Stored data Block Start

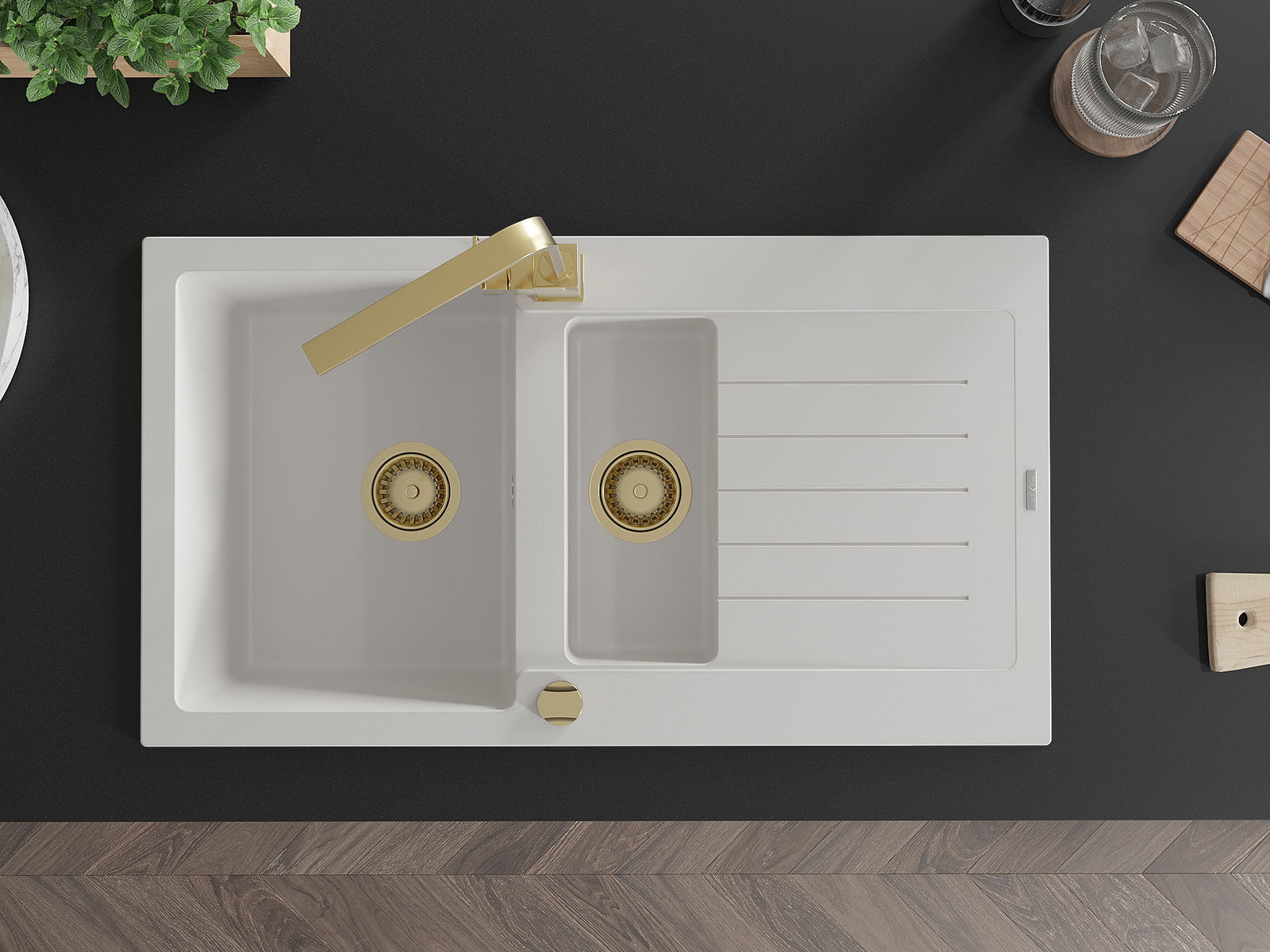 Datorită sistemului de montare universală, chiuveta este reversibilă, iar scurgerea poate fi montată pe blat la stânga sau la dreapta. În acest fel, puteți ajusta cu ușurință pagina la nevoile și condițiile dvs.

Stored data Block End
Stored data Block Start

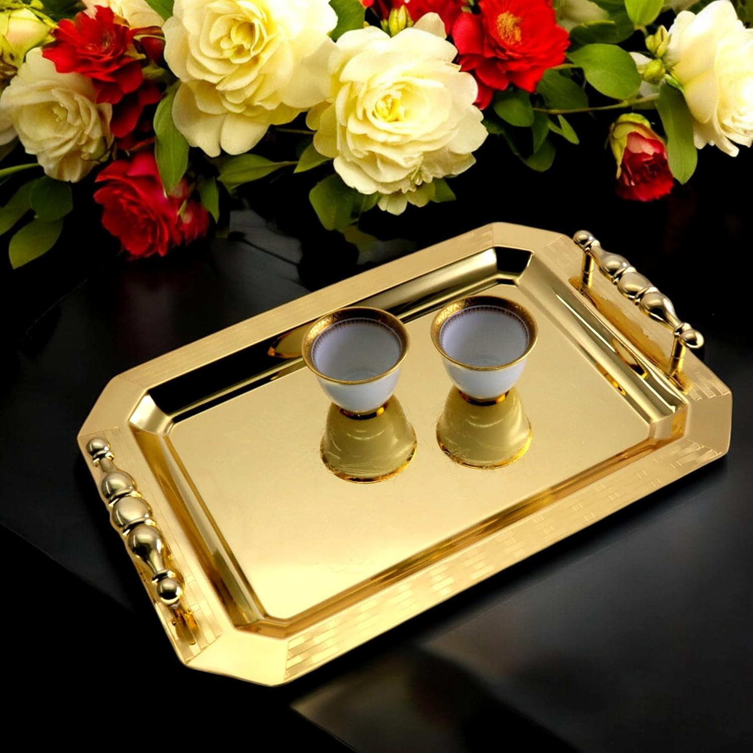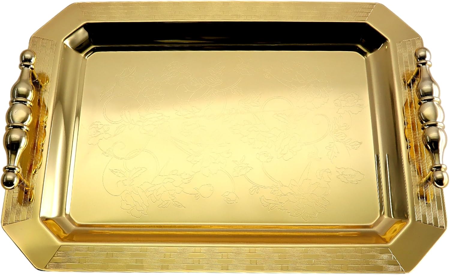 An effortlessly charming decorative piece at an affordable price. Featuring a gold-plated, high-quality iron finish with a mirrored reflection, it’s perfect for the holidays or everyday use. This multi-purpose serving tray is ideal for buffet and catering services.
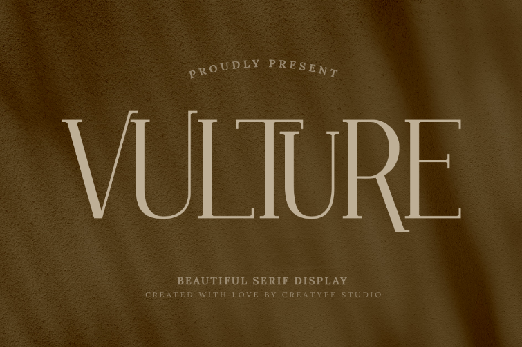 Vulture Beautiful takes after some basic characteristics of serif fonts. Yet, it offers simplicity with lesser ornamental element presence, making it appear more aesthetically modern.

Stored data Block End

> _Problem requirements_
Write out word for word the lines above that run from the one with "An effortlessly charming" to the one with "Vulture Beautiful takes". Include both end lines; exclude the images.

> _Response area_
 An effortlessly charming decorative piece at an affordable price. Featuring a gold-plated, high-quality iron finish with a mirrored reflection, it’s perfect for the holidays or everyday use. This multi-purpose serving tray is ideal for buffet and catering services.
 Vulture Beautiful takes after some basic characteristics of serif fonts. Yet, it offers simplicity with lesser ornamental element presence, making it appear more aesthetically modern.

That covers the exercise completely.